The new values do occur in iso-8859-* encodings. This decreases efficiency
slightly but should not affect correctness.

Caveat: Updating across this change and rebuilding without cleaning may
yield a subtly broken sh binary. By default, make buildworld will clean and
avoid problems.
2011-05-06 20:45:50 +00:00
jilles
5a49f52603 sh: Add $'quoting' (C-style escape sequences).
A string between $' and ' may contain backslash escape sequences similar to
the ones in a C string constant (except that a single-quote must be escaped
and a double-quote need not be). Details are in the sh(1) man page.

This construct is useful to include unprintable characters, tabs and
newlines in strings; while this can be done with a command substitution
containing a printf command, that needs ugly workarounds if the result is to
end with a newline as command substitution removes all trailing newlines.

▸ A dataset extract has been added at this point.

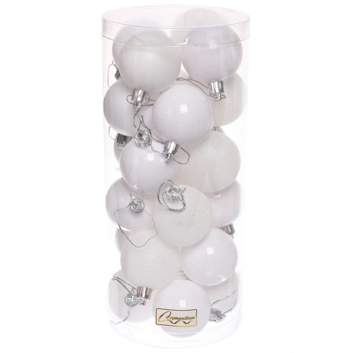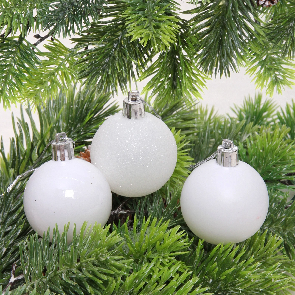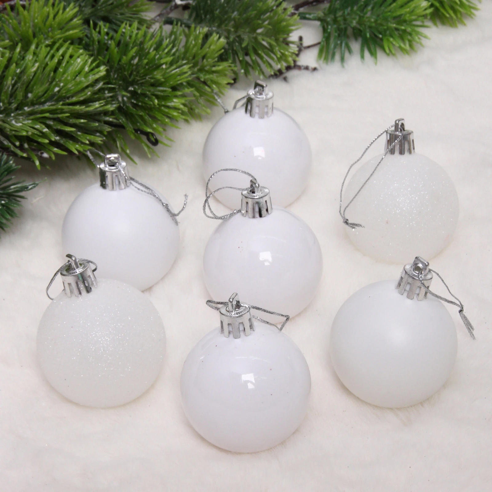 Новогодние шары 5 см (набор 24 шт) "Микс фактур", белоснежный

The construct may also be useful in future to describe unprintable
characters without needing to write those characters themselves in 'set -x',
'export -p' and the like.

The implementation attempts to comply to the proposal for the next issue of
the POSIX specification. Because this construct is not in POSIX.1-2008,
using it in scripts intended to be portable is unwise.

Matching the minimal locale support in the rest of sh, the \u and \U
sequences are currently not useful.

Exp-run done by: pav (with some other sh(1) changes)
2011-05-05 20:55:55 +00:00
jilles
ba0d29571f sh: Apply set -u to variables in arithmetic.
Note that this only applies to variables that are actually used.
Things like (0 && unsetvar) do not cause an error.

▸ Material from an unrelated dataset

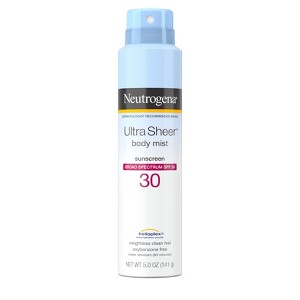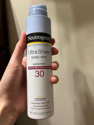 Neutrogena Ultra Sheer Body Mist Sunscreen Spray with Broad Spectrum SPF 30 provides powerful sun protection that you will love to wear to help prevent sunburn. Featuring an oxybenzone-free formula and with Helioplex technology, this non-greasy sunscreen provides superior UVA/UVB protection in an easy-to-apply spray format. The sunscreen spray formula also absorbs quickly with a sheer, ultralight finish and a weightless, clean feel. This SPF 30 sunscreen mist is non-comedogenic and oil-free, so it won't clog pores and, when used as directed, may decrease the risk of skin cancer caused by the sun. Convenient for on-the-go, the easy-to-use spray can provides no-mess application for face and body. This spray sunscreen is water-resistant for up to 80 minutes and comes from the #1 dermatologist recommended sun care brand. Apply prior to sun exposure to protect skin during outdoor activities like gardening, biking, hiking, boating or going on a walk.

Exp-run done by: pav (with some other sh(1) changes)
2011-05-04 22:12:22 +00:00
jilles
fa0f3c42ef sh: Detect an error for ${#var<GARBAGE>}.
In particular, this makes things like ${#foo[0]} and ${#foo[@]} errors
rather than silent equivalents of ${#foo}.

PR:		bin/151720
Submitted by:	Mark Johnston
Exp-run done by: pav (with some other sh(1) changes)
2011-05-04 21:49:34 +00:00
ru
a1d4dd2a37 Don't call -f option's argument "stdin".
MFC after:	3 days
2011-05-03 10:08:11 +00:00
jilles
7b50330e01 sh: Set $? to 0 for background commands.
For backgrounded pipelines and subshells, the previous value of $? was being
preserved, which is incorrect.

For backgrounded simple commands containing a command substitution, the
status of the last command substitution was returned instead of 0.

If fork() fails, this is an error.
2011-04-25 20:54:12 +00:00
jilles
836a99923b sh: Check setuid()/setgid() return values.
If the -p option is turned off, privileges from a setuid or setgid binary
are dropped. Make sure to check if this succeeds. If it fails, this is an
error which will cause the shell to abort except in interactive mode or if
'command' was used to make 'set' or an outer 'eval' or '.' non-special.

Note that taking advantage of this feature and writing setuid shell scripts
seems unwise.

MFC after:	1 week
2011-04-25 10:14:29 +00:00
jilles
54847e6220 sh: Remove duplicate code resetting uid/gid for set +p/+o privileged.
MFC after:	1 week
2011-04-25 10:08:34 +00:00
jilles
f250dc2f44 sh: Allow EV_EXIT through function calls, make {...} <redir more consistent.
If EV_EXIT causes an exit, use the exception mechanism to unwind
redirections and local variables. This way, if the final command is a
redirected command, an EXIT trap now executes without the redirections.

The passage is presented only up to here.